For the past few months, art, like everything else amid the pandemic, has largely had to be experienced outdoors. Fortunately, the Public Art Fund, always working in public space, was uniquely prepared for this moment. For their exhibition Art on the Grid, 50 artists created work reflecting on the pandemic, the ongoing protests against anti-Black racism, and themes of reconnection and renewal. The curators installed those works in over 500 bus shelters and 1,700 wifi kiosks around the five boroughs, transforming each display into a canvas.

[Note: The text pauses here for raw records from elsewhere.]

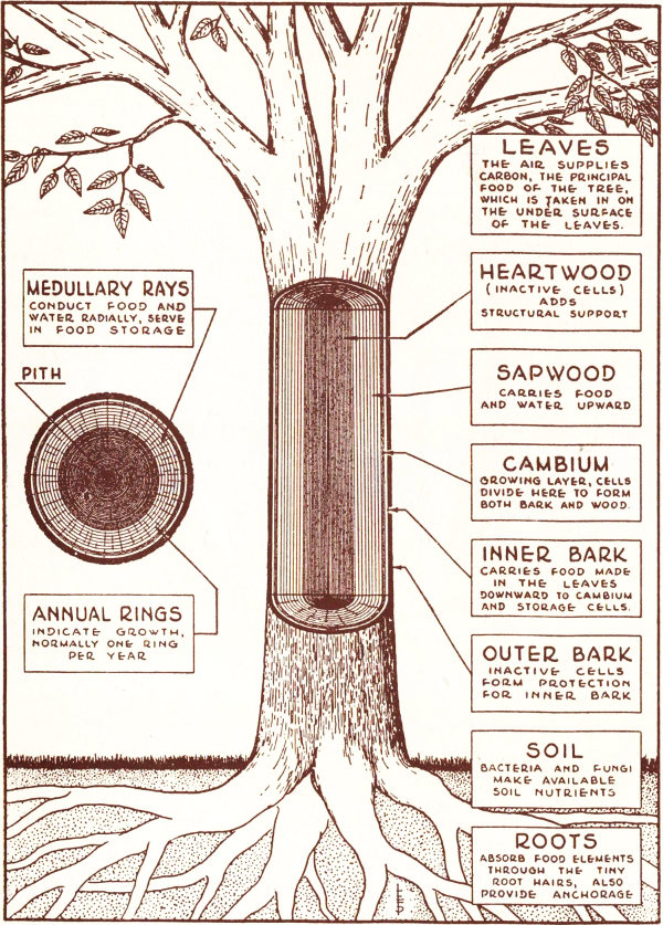 DIAGRAM SHOWING FUNCTIONS OF DIFFERENT PARTS OF A TREE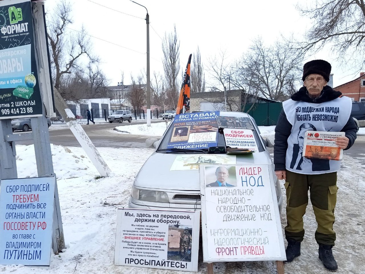 Федерации на сохранение и укрепление суверенитета Отечества в исторических границах 1945–1991 годов. Участники мероприятия выступили за наделение В. В. Путина реальными полномочиями руководителя Государственного совета, Государственного комитета обороны и Ставки Верховного главнокомандующего с целью проведения кадровых реформ и наведения порядка в органах власти и средствах массовой информации, а также для дальнейшего развития конституционной реформы в интересах национально-освободительного движения. Акция прошла в поддержку Российской Армии и Военно-Морского флота, которые ведут боевые действия в ходе специальной военной операции. В ходе автопикета транслировались эфиры соратников НОД, распространялись газеты «НК Суверенитет» и информационные материалы движения, проводились беседы с гражданами. По итогам мероприятия шесть человек выразили готовность поддержать инициативу, подписав обращение на сайтах Горбсуд.рф и ЗаПобедуВСВО.рф с предложением о наделении В. В. Путина дополнительны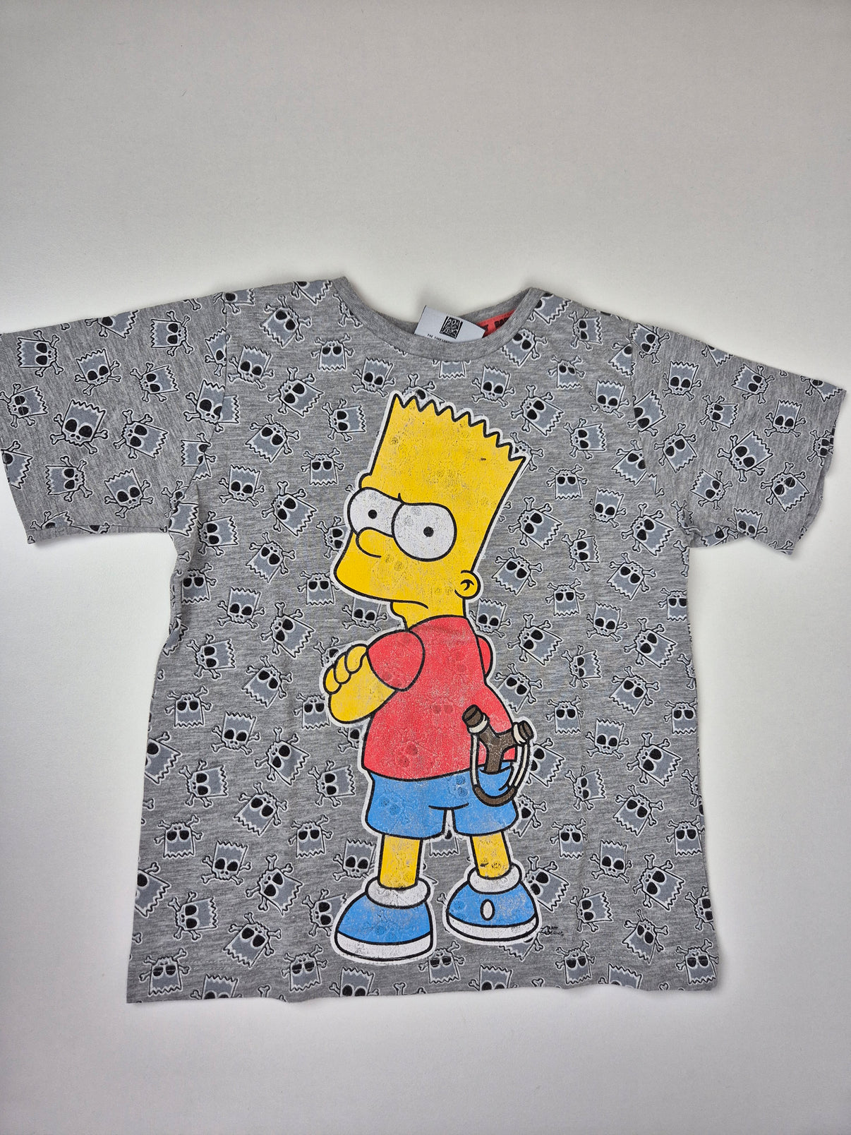 Šedé melírované tričko s krátkým rukávem s výrazným motivem Simpsonových – hlavní roli hraje Bart Simpson v ikonickém barevném provedení. Celoplošný drobný potisk lebek na šedém podkladu dodává tričku lehce rebelsky hravý vzhled, který děti milují.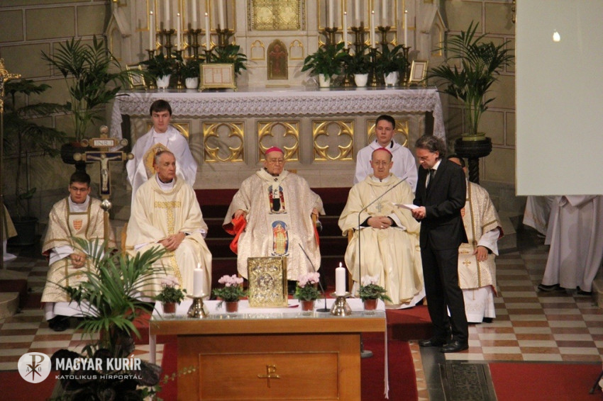 A szentmise végén Nagy Károly, a veszprémi Szent Mihály-bazilika plébánosa a pap testvérek nevében köszöntötte Szendi József nyugalmazott érseket.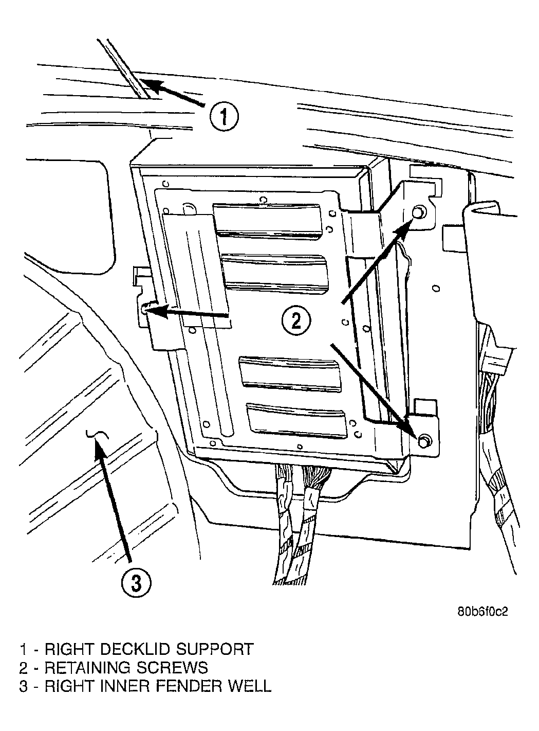 - Inside trunk, pull the trunk liner aside (right quarter panel passenger side).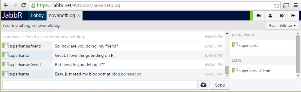 To quickly show how it works i created a chat room on http://jabbr.net, and joined with my Twitter account. My friend also joined:

Lingering at a bus stop generally indicates something has failed — my time management, the infrastructure of New York City transit — but I was surprisingly moved by Andrew Kuo’s “Ideal Map of New York City” (2020), which envisions New York not as a grid, but as a series of nested squares, mostly in pastels. Its legend, instead of indicating historical landmarks, pinpoints locations such as “where you can feel safe and be yourself at no emotional cost,” and “where every type of help is available to anyone who wants it.”
On a bus shelter near Cadman Plaza, the usual travel posters and ads for oat milk gave up their real estate to a person in a red cowboy hat, with a bob sharp enough to make knives jealous, carrying a lantern. An urban cowboy to light our way through coronavirus? Better. It was a painting, “Untitled” (2020) by Nina Chanel Abney.
Oto Gillen’s “Path, July 22, 2019,” (2020), is either the opening to a leafy cave, a portal to a new dimension, or perhaps just the inside of a tree. Decoding it on Grand Street was remarkably soothing.
Art on the Grid also features several artists with newly reopened exhibitions, like Jordan Casteel. I adore her portraits, but if you’re not ready to head back to a museum, you can improve your bus waiting experience with her portrait, “Minnesota” (2020), pictured here in Williamsburg. The subject’s eyes are hidden with a hat, but his concentration is palpable, his hunched position so familiar I felt a sympathetic back ache.
The exhibition is set to end on September 20, just as museums are beginning to reopen. I wish it would stick around. The work softens, just a little, our long waits, for the bus, for the pandemic to be over.
Public Art Fund’s 50 Artists: Art on the Grid continues through September 20 across the five boroughs. The exhibition was curated by Nicholas Baume, Daniel S. Palmer, and Katerina Stathopoulou.